An open ended education environment: Positive examples and the need to experiment- Sep 21, 2012
As if on cue, following yesterday’s post about the need to give students a more challenging and enriched learning environment, mHS had a visit from an enthusiastic young man called Brian today representing the University of Minnesota’s ACARA program. From what I understood, the program asks undergraduate and graduate students to prepare a business plan for an identified need in the development sector. The University partners with academic institutions in India and students work in mixed groups of Indian and American students. The business plans are then presented to a jury and a couple of winners selected, which then get helped in terms of mentoring, investor contacts or simply funding for feasibility studies, depending on the group’s intent.
Previously, the program specified a particular area of work, but in its new avatar, students are being put through a three week immersion exercise and will then decide on their own what sort of needs they want to address through their solutions. This change was made because they found previous graduates of the program have veered off their conventional career paths to opt for more socially aware jobs. Some have gone on to set up new organizations working in the development sector in different parts of the world.

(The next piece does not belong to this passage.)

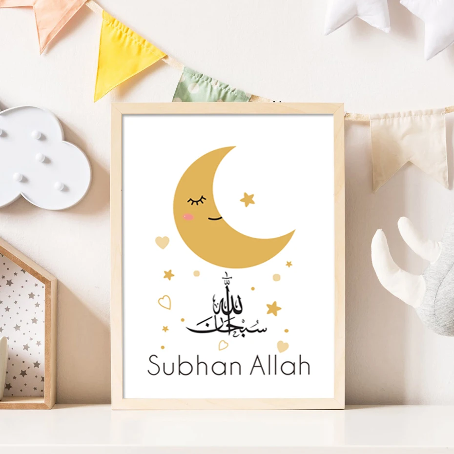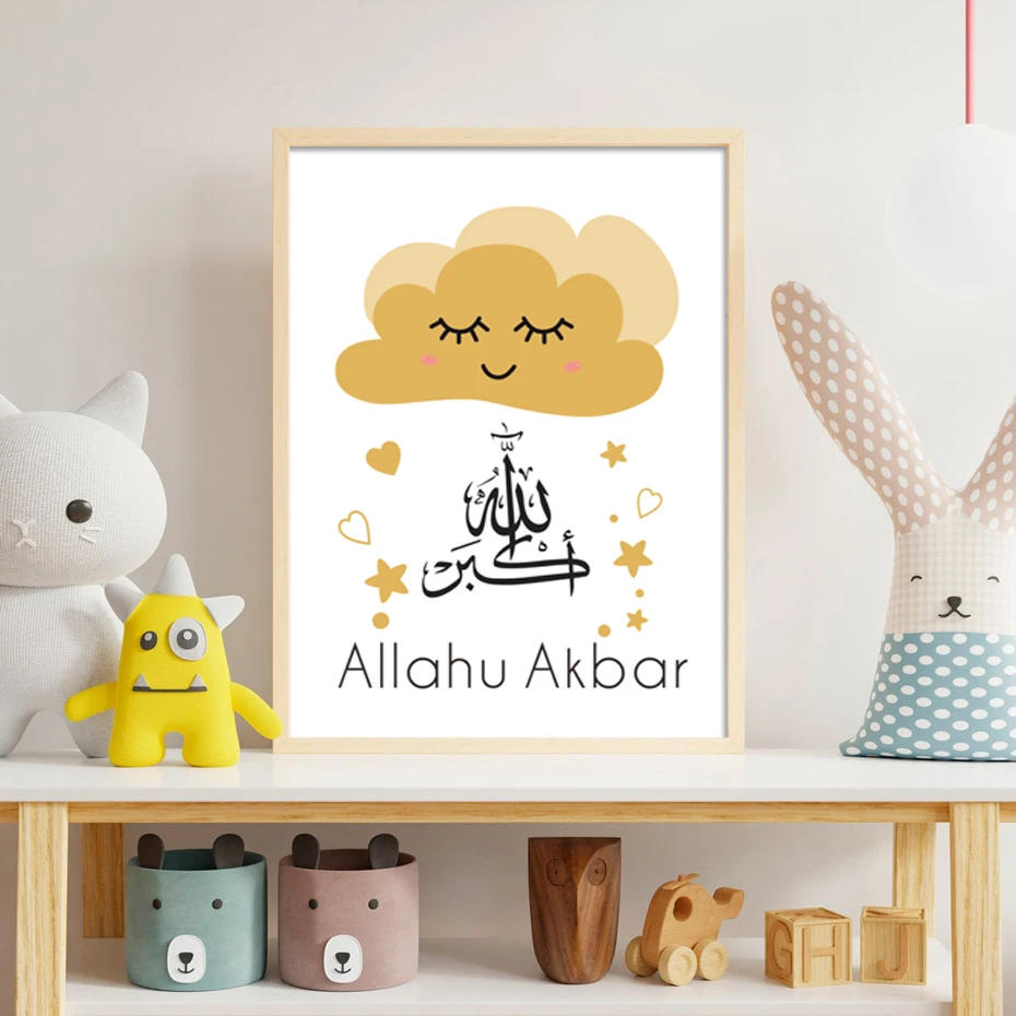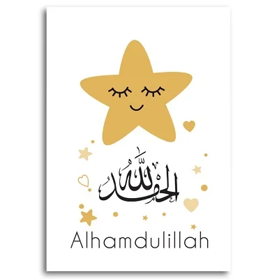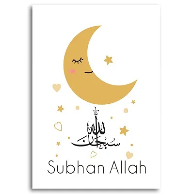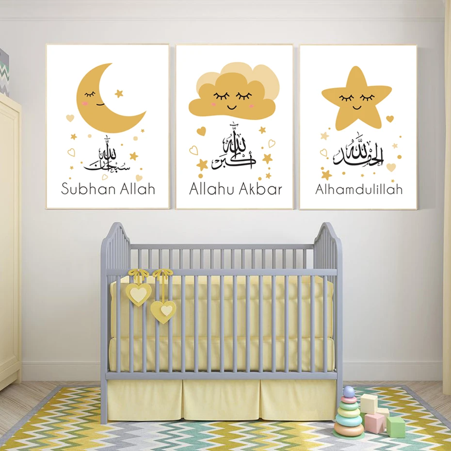 Современная Исламская желтая облако звезда Луна детская живопись на холсте художественные плакаты принты картины для девочек Детская комната украшение для дома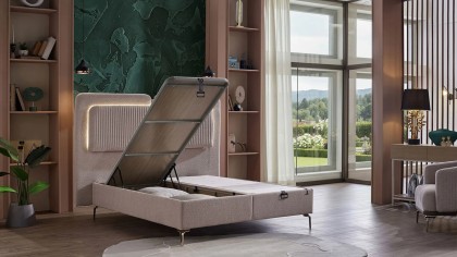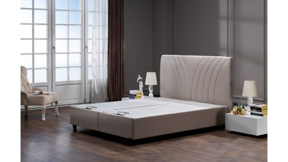 Acest pat tapitat cu lada de depozitare si somiera rabatabila, vine in culoarea gri si cu picioarele de culoare negru.

Clearly, someone thinks allowing students to decide basis their interests and motivation brings out the best in them. And doing their best in turn inspires confidence, which is certainly the key to creating positive, motivated and solution-oriented professionals.
The change the program has undergone exemplifies the new thinking in education. A move from top-down to bottom-up, as those familiar with development-speak would see it! And that’s primarily what I wanted to highlight through today’s post. That even as we theorize about the changes we want to see, those are happening already, in India and elsewhere. Hope is alive as long as we continue to experiment.